Interview
Schon mal was von einem Positronen-Emissions-Tomografen oder von Computational Neuroscience gehört? Nein, du siehst dir nicht den neuesten Weltraum-Hollywood-Blockbuster an, sondern befindest dich direkt im Zentrum der spannendsten Forschungsdisziplin der Medizin. Ja, in der Psychiatrie kommt schon heute allerhand abgefahrene Technik zum Einsatz. Andreas Meyer-Lindenberg leitet das Zentralinstitut für Seelische Gesundheit in Mannheim, eines der führenden Forschungsinstitute in Deutschland. Vision oder Wirklichkeit – er weiß, was die Hot Topics in der Psychiatrieforschung sind.

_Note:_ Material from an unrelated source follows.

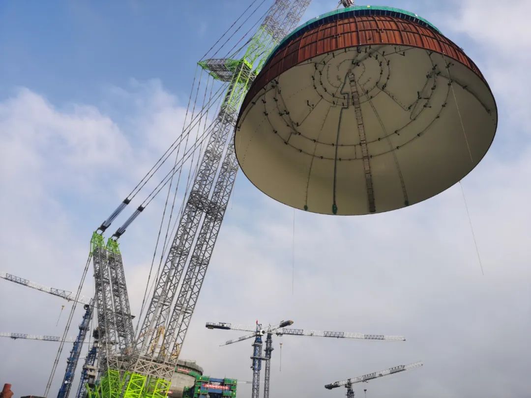 內(nèi)穹頂?shù)跹b是華龍一號核電工程建設(shè)的重要里程碑。穹頂位于核島頂部,主要功能是保證反應(yīng)堆廠房完整性和密封性,對放射性包容起關(guān)鍵性作用。吊裝當(dāng)天,隨著總指揮一聲令下,內(nèi)穹頂被緩緩吊離地面,經(jīng)過起鉤、變幅、提升、帶載行走、大臂逆時(shí)針回轉(zhuǎn)等一系列高精度動作,精準(zhǔn)直達(dá)漳州核電2號機(jī)組反應(yīng)堆廠房上方,隨后緩慢下降,經(jīng)調(diào)整無誤后,平穩(wěn)落鉤就位在安全殼鋼襯里上。

Herr Meyer-Lindenberg, bei Star Trek gibt es einen medizinischen Tricorder, der Krankheiten diagnostiziert. Haben Sie auch schon bald ein ähnliches Tool?
Tatsächlich bewegt sich die Forschung im Eiltempo in Richtung Zukunft. Die moderne Bildgebung erlaubt es uns zum Beispiel, psychische Erkrankungen besser zu verstehen – und zum Teil sogar vorherzusagen. Mit Hilfe der funktionellen Magnet-Resonanz-Tomografie, kurz fMRT, können wir etwa feststellen, was bei den Patienten in den verschiedenen Hirnarealen passiert und inwiefern diese anders zusammenarbeiten.
Hat die Forschung dabei auch mehr über den Hippocampus herausgefunden?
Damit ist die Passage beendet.